Brizola levou Tancredo pra conversar com Cárter, o que se deu na Igreja Presbiteriana. Carter queria ir a um culto, religioso que era. Conversa longa com Tancredo, análise do quadro mundial e das relações com os EUA. Estava próxima a eleição americana, Carter queria eleger Mondale, que havia sido seu Vice, que se candidatava contra a reeleição de Reagan. À noite, Carter subiu pra seu quarto no Sheraton a fim de assistir ao debate entre Mondale e Reagan.
Carter queria ir a uma favela e Brizola o levou ao Pavão/Pavãozinho. Entrou nas casas e mostrou uma face de pena e tristeza.
Na hora de levar Carter e D. Rosalyn para o embarque, Brizola pediu que Carter aceitasse passar na casa dele pra apresentar D. Neuza. Eu, no carro, acompanhando de intérprete. Não havia telefone celular, não se pôde avisar. Ao chegar, Brizola sai rápido e entra no elevador de serviço e eu, Carter e D. Rosalyn no elevador social. Entramos, Carter se interessou por algumas fotografias de Getúlio e outras, mostrei a cópia da Carta Testamento. Quando vimos, sai Brizola praticamente carregando D. Neuza, que estava de roupão laranja, toalha amarrada na cabeça: ela estava no banho. Algo envergonhada, mas com o sorriso aberto, felicidade pela oportunidade de encontrar Carter e Rosalyn. Veio acompanhada de D. Maria, mãe do Peréio, que, em um excelente inglês, traduziu toda felicidade de D. Neuza: “este é o casal que mais admiro no mundo”.

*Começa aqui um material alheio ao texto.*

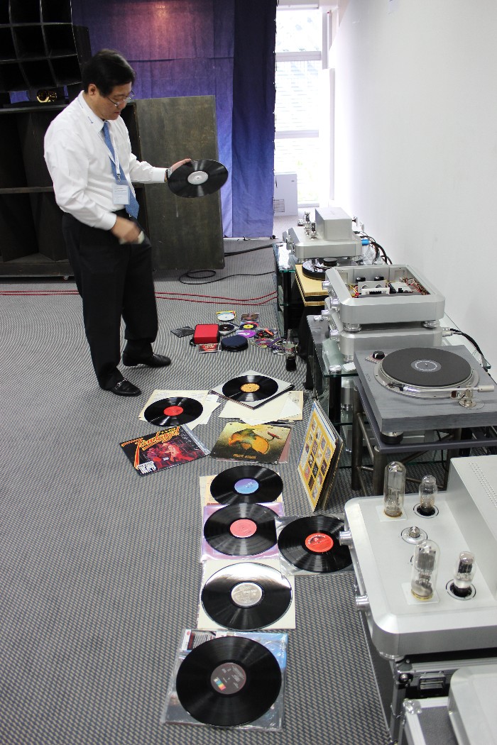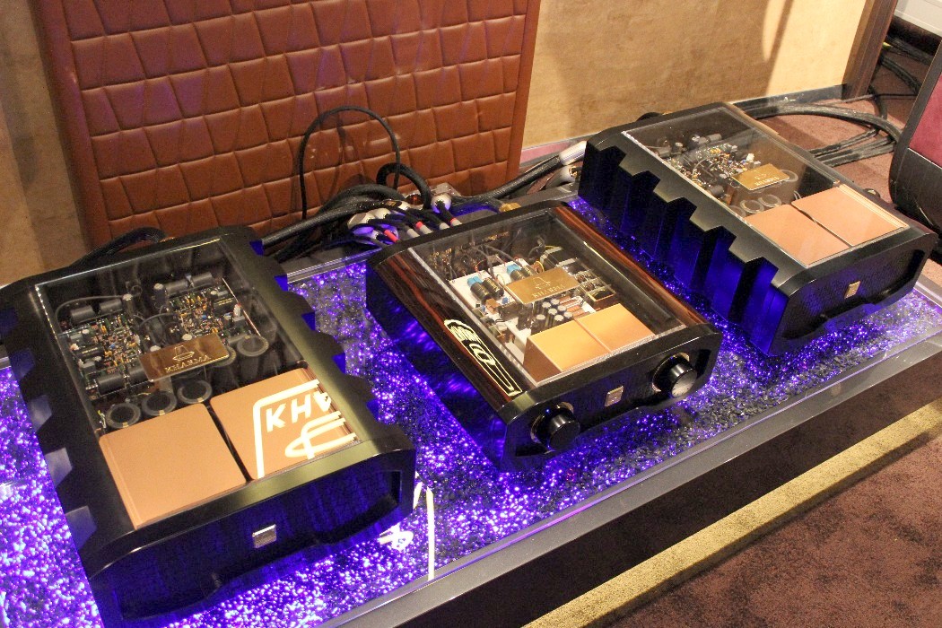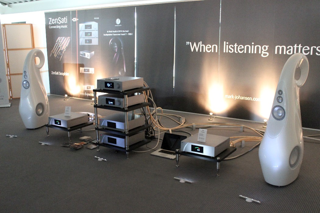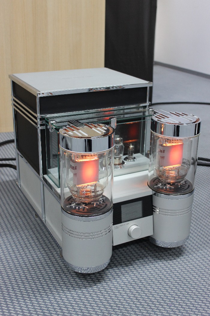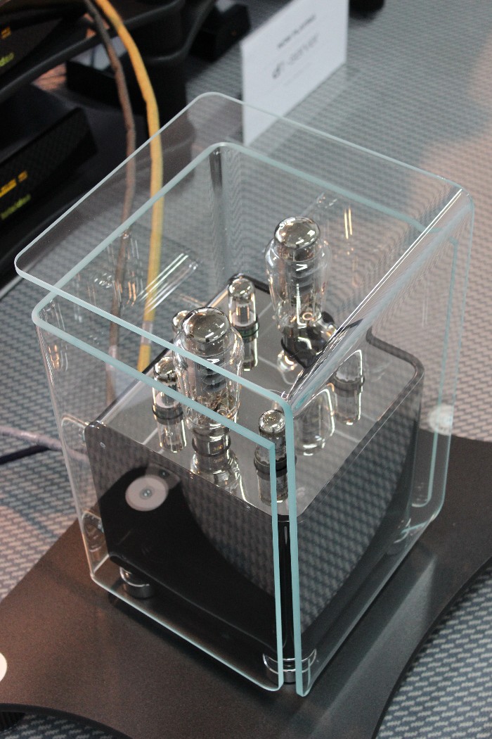 Offensichtlich ging es auf dieser Messe in erster Linie nicht um Musik. Kopfschüttelnd verließ ich zum Beispiel am Ende einen Raum, in dem seltsamerweise nur noch die vorderste Stuhlreihe frei war, als ich ihn betrat. Kaum hatte ich mich dort hingesetzt, forderte mich der Aussteller auf, meinen Platz zu verlassen. Ich sollte warten, bis die – scheinbar sehr wichtigen – Herren hinter mir ungestört fertiggehört hatten. Das fand ich zwar reichlich seltsam, aber da ich ohnehin noch Fotos machen wollte, griff ich zur Kamera und schickte mich an, die imposanten Monoendstufen von Audio Power Labs mit ihren riesigen 833er-Leistungsröhren aus der Nähe zu fotografieren. Aber selbst meine kurze Präsenz zwischen den Lautsprechern von Vivid Audio duldete der Vorführer – beziehungsweise die sehr wichtigen Herren – nicht und schickte mich erneut nach hinten. Mein Tipp: Nächstes Jahr bitte gleich ein „Zutritt verboten“-Schild an der Tür anbringen und den Anlagen in den angrenzenden Zimmern den Strom abdrehen. Ist ja schließlich eine Messe, da will man halt seine Ruhe haben, gell?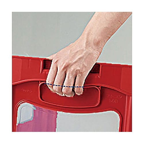 【A】手の形にそった持ち手で持ち運びやすくなっています。【B】底面以外どこからでも内容物が確認できます。【C】窓を囲むフレーム構造で非常に丈夫です。側面から中身が確認できます。 |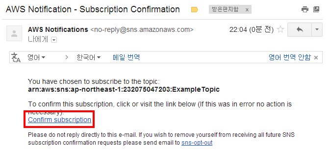 웹 브라우저를 실행하고 SNS 구독을 생성한 이메일 주소의 메일함으로 이동합니다. 메일함을 보면 AWS Notification - Subscription Confirmation이라는 메일이 도착했을 것입니다. 메일 내용에서 Confirm subscription 링크를 클릭합니다.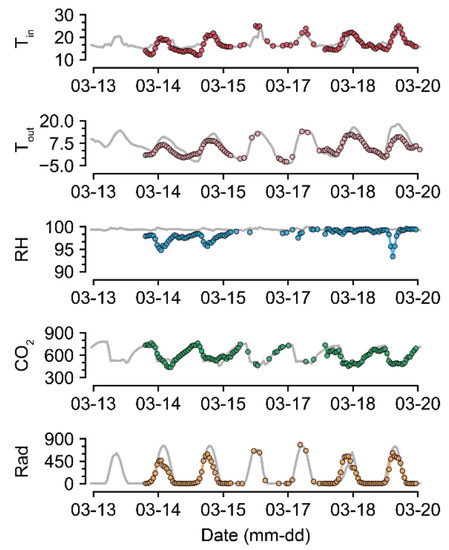 Meanwhile, the imputation of missing Tin did not exhibit as high an accuracy as in the case of Tout. The models could not impute Tin, although this factor also has somewhat constant patterns because the internal environments of greenhouses are controlled to be within specific ranges [4]. Neural network algorithms yielded high performance in previous studies [35,36]. Unlike Tout, Tin could be affected by different grower strategies [37]. Therefore, the datasets did not seem to share the changing patterns; thus, the models could not impute the missing Tin with as high an accuracy as for Tout.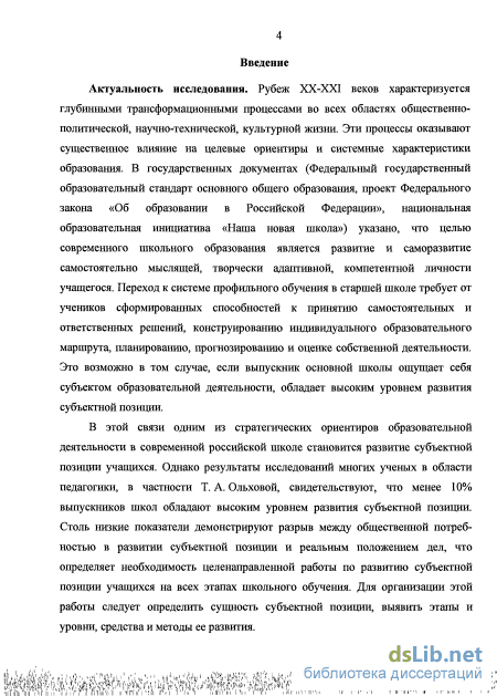 Актуальность исследования. Рубеж ХХ-XXI веков характеризуется глубинными трансформационными процессами во всех областях общественно-политической, научно-технической, культурной жизни. Эти процессы оказывают существенное влияние на целевые ориентиры и системные характеристики образования. В государственных документах (Федеральный государственный образовательный стандарт основного общего образования, проект Федерального закона «Об образовании в Российской Федерации», национальная образовательная инициатива «Наша новая школа») указано, что целью современного школьного образования является развитие и саморазвитие самостоятельно мыслящей, творчески адаптивной, компетентной личности учащегося. Переход к системе профильного обучения в старшей школе требует от учеников сформированных способностей к принятию самостоятельных и ответственных решений, конструированию индивидуального образовательного маршрута, планированию, прогнозированию и оценке собственной деятельности. Это возможно в том случае, если выпускник основной школы ощущает себя субъектом образовательной деятельности, обладает высоким уровнем развития субъектной позиции.
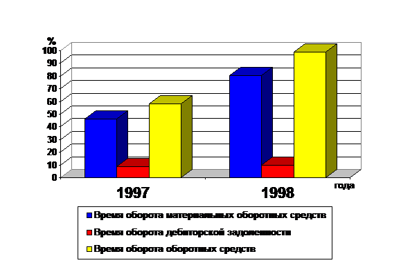 Из данных таблицы 3.4 видно, что произошло снижение оборачиваемости всех приведённых показателей. Оборачиваемость дебиторской задолженности уменьшилась по сравнению с 1997 годом с 42,9 оборотов в год до 36,3 оборотов, то есть по сравнению с предыдущим годом погашение дебиторской задолженности происходило более медленными темпами. Время оборота дебиторской задолженности составляет 8,5 дней в 1997 и 10 дней в 1998 году. Это говорит о том что дебиторская задолженность погашается достаточно быстро. Изменение времени оборота по годам представлено на рис. 2.

No carro de volta, Rosalyn e Carter disseram que acharam D. Neuza uma mulher muito bonita, o que Brizola procurou retribuir em relação a D. Rosalyn.
Brizola ficou aborrecido ao ver que o Consulado americano havia colocado Carter em um avião pequeno na ida a Brasília, de hélice, não jato. Se soubesse, teria tomado outras providencias.
VIVALDO BARBOSA – Ex-Deputado Constituinte e Ex-Secretário de Justiça do Brizola.